Chariots were rarely used in Parisian clock cases before the late 18th century. This was probably due to one of the principal problems of contemporary clockmakers: how to integrate their movements and dials into this type of composition. As of the last decade of the 18th century, certain artisans cleverly solved this problem by fitting their dials into the chariot wheels and the bodies of the vehicles. As concerns the present model, its highly rare and unusual design may be attributed to Pierre-Philippe Thomire, one of the most important bronze casters of the Empire period. To date, only one other identical clock model is known, on which the infant Bacchus is shown standing. It was offered at auction in Paris on May 30, 1922: “83. Clock in red marble and chased and gilt bronze representing the chariot of Bacchus, drawn by two goats led by a nude child. On the barrel containing the movement, with dial signed Lieutaud, sits the young Bacchus. Base adorned with applied motifs. Late 18th century.

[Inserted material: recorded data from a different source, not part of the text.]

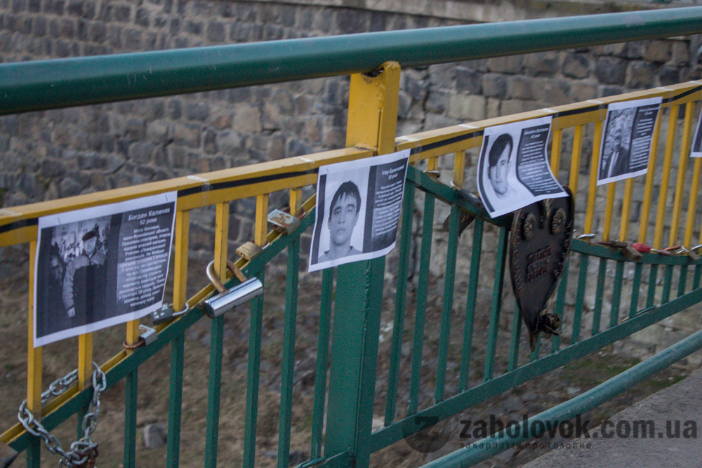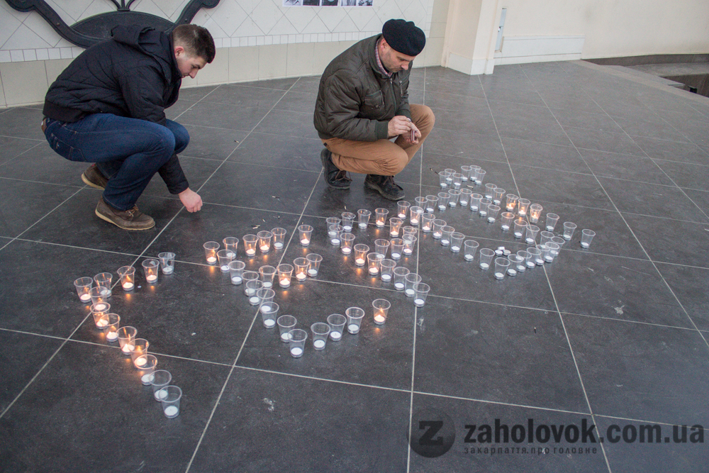 Що цікаво на площі Театральній молоді УДАРівці влаштували власне дійство. Вони, зокрема, розвісили на самій площі, а також на пішохідному мості зображення всіх героїв Небесної Сотні. Окрім того ще й виклали слово герої зі свічок.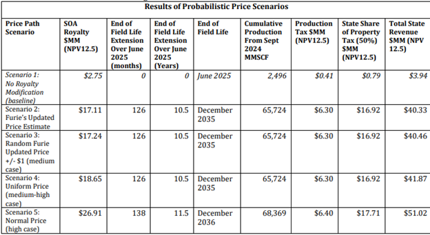Projections show a 10.5-year average field-life extension to approximately December 2035. Additional production reaches 63.2 Bcf in likely scenarios. State revenues increase substantially: in the base case, net present value (NPV at 12.5 percent discount) rises from $3.94 million without relief to $40.33 million with modification—an incremental gain of $36.38 million from higher royalties ($14.36–$15.90 million), production taxes ($5.89–$6.30 million), and the state’s 50% share of property taxes ($16.13–$16.92 million). Even conservative models confirm net gains. DNR concluded with clear and convincing evidence that continued production would otherwise become uneconomic and that the modification serves the public interest by extending local supply, preserving jobs, and maximizing economic benefits compared with early shutdown.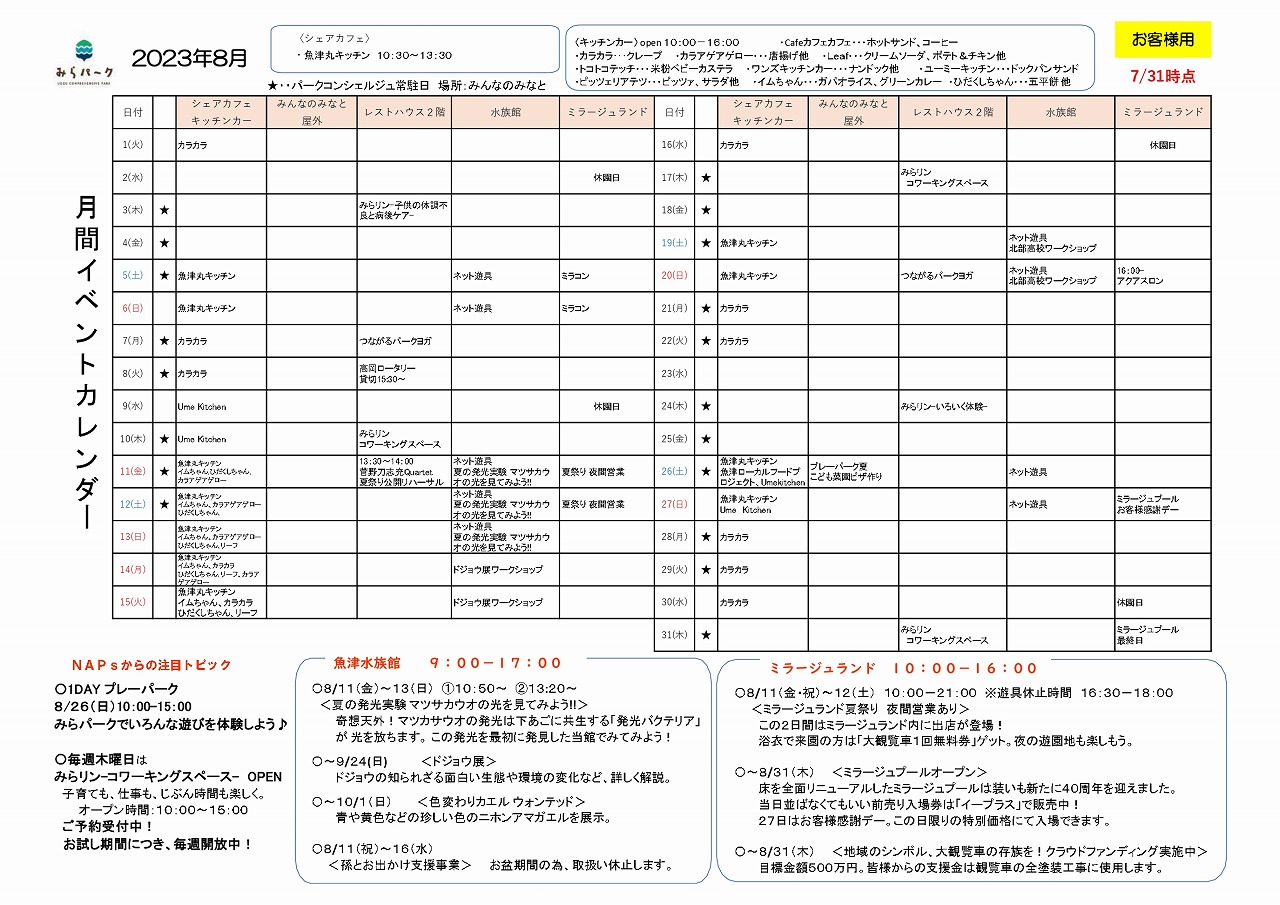 ◎イベントについて詳しい情報はみらパーク公式ページよりご覧ください。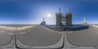 Aerial view of a modern architecture bridge in Holland, with clear skies and a calm ocean below. The sun casts a hard shadow on the road surface, creating a symmetrical and serene landscape. The perfect spot for leisure and urban design.

Width 64 cm”. Not illustrated at the time, it is the same piece that was offered for sale in Lille in April 2009. A clock of the same model, undoubtedly the present piece, was acquired in Paris circa 1798-1799 for the Château Saint-Michel in Saint Petersburg by Czar Paul I; at the time it was briefly described, with no mention of the clockmaker’s name: “A clock, the triumph of Bacchus, matte gilt, drawn by goats, 1200” (see I. Zek, op.cit., 1994, p. 164, n° 35).
Robert Robin (1741-1799) is one of the most important Parisian clockmakers of the late 18th century. Having received the titles of Valet de Chambre-Horloger Ordinaire du Roi et de la Reine in 1783 and 1786, he had an extraordinary career, distinguished himself by his exceptional contribution to the progress of time measurement during his lifetime.
In 1778 the French Académie des Sciences approved two of his inventions, one of which led to the construction of an astronomic clock representing a meridian drawn on a pyramid, which was acquired that year by the Menus Plaisirs on behalf of Louis XVI. Robin published a “Description historique et mécanique” of the clock. He constructed astronomic mantel regulators with compensation balance, which the Marquis de Courtanvaux, one of the period’s most important connoisseurs of precision horology, was among the first to acquire. During the Terreur he made decimal watches and clocks. He is recorded successively at the Grande rue du faubourg Saint-Honoré (1772), rue des Fossés-Saint-Germain l'Auxerrois (1775), rue Saint-Honoré à l'Hôtel d'Aligre (1778) and in the Galeries du Louvre in 1786.
Robin housed his mantel regulators in sober, elegant cases that were remarkably modern in style. He worked with excellent artisans such as Robert and Jean Baptiste Osmond, Pierre Philippe Thomire, E. Roy, J.L. Beaucour, P. Delacroix, François Rémond, Claude Galle, Balthazar Lieutaud, E. Levasseur, J.H. Riesener, Jean-Ferdinand Schwerdfeger and Adam Weisweiler for his cases; Barbezat, Edmé-Portail Barbichon, Dubuisson, Cave, Merlet and Coteau for his dials, and the Richards and the Montginots for his springs.
Robin’s sons, Nicolas Robert (1775-1812) and Jean-Joseph (1781-1856), were both fine clockmakers who continued their father’s business.